Ja, so sind wir – ganz schwache, zarte Geschöpfe. Wir Männer erst recht, wir sind doch leicht verletzlich. Frauen halten mehr aus.
Schwache Leute – Jesus sagt: Ja, so seid ihr wie Reben, und ich bin der Weinstock. Ich hole aus der Erde Kraft für euch heraus, damit ihr, die ihr schwach seid, Frucht bringt.
Schaut euch doch einen Weinstock an: Er zieht aus der Erde die Kraft und die Flüssigkeit heraus und gibt sie an die Reben weiter, damit Frucht wachsen kann – deftige, schwere Frucht. Ein großartiges Wort für müde Leute.
Jesu Umgang mit der verurteilten Frau
Eine andere Szene mit Jesus: Da bringen sie eine Frau, die ein verpfuschtes Leben hat, zu ihm. Sie haben sie ertappt, wie sie mitten im Ehebruch war, und werfen sie vor Jesus hin. Was sagt Jesus jetzt zu diesem Häuflein Elend?

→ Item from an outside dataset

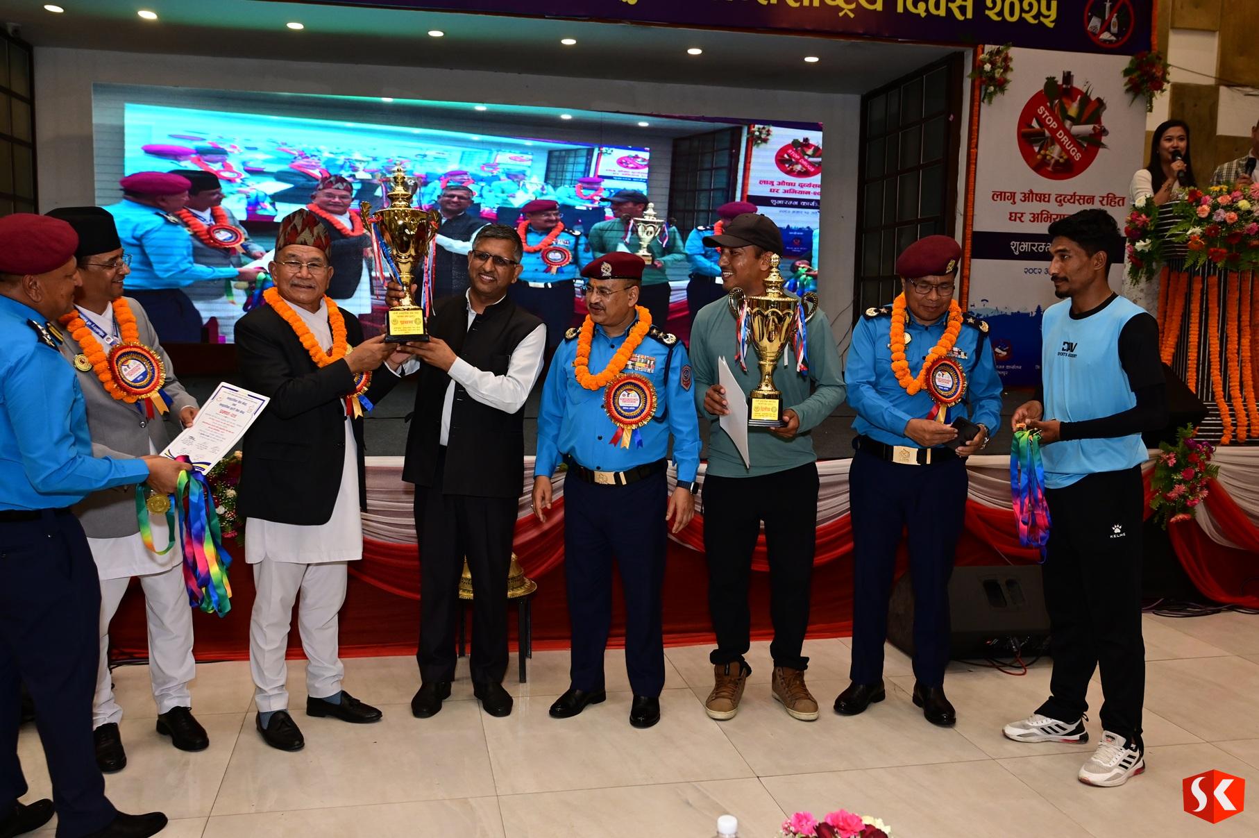 ललितपुर महानगरपालिकाका प्रमुख महर्जन, प्रहरी महानिरीक्षक थापा, प्रहरी अतिरिक्त महानिरीक्षक तामाङ र ललितपुर जिल्लाका प्रमुख जिल्ला अधिकारी रमेश ढकालले लागूऔषध दुरूपयोग एवम् ओसारपसार विरूद्ध अन्तर्राष्ट्रिय दिवसको अवसरमा आयोजित अन्तर विद्यालय स्तरीय फुटसल प्रतियोगिताका विजेताहरूलाई पुरस्कार प्रदान गर्नुभयो ।

Jesus neigt sich nieder und schreibt in den Sand. Dann spricht er: „Wer von euch ohne Sünde ist, der werfe den ersten Stein auf die Frau.“ Wieder neigt er sich nieder und schreibt in den Sand.
Daraufhin gehen sie alle hinaus, einer nach dem anderen. Nur die Frau bleibt bei Jesus. Jesus fragt sie: „Wo sind deine Verkläger?“ Sie antwortet: „Niemand ist mehr da.“
Sollten wir jetzt erwarten, dass Jesus sagt: „Aber mein liebes Mädchen, das hört jetzt auf, was du als Ebenbild Gottes gemacht hast, ist schon eine Schande“? Nein, nein, nein.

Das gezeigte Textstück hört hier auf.